Data excerpts »
-=-=-

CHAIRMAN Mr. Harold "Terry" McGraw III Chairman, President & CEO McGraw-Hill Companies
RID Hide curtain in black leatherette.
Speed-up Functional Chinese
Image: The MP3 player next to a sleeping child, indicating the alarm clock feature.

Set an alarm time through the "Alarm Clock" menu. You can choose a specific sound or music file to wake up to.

-=-=-

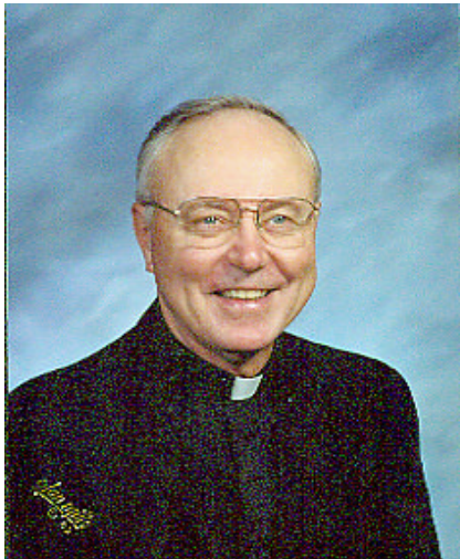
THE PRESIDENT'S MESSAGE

-=-=-

Problem »
Your task is to copy every line of the entries that contains the string "alarm".

Exercise solution »
Image: The MP3 player next to a sleeping child, indicating the alarm clock feature.
Set an alarm time through the "Alarm Clock" menu. You can choose a specific sound or music file to wake up to.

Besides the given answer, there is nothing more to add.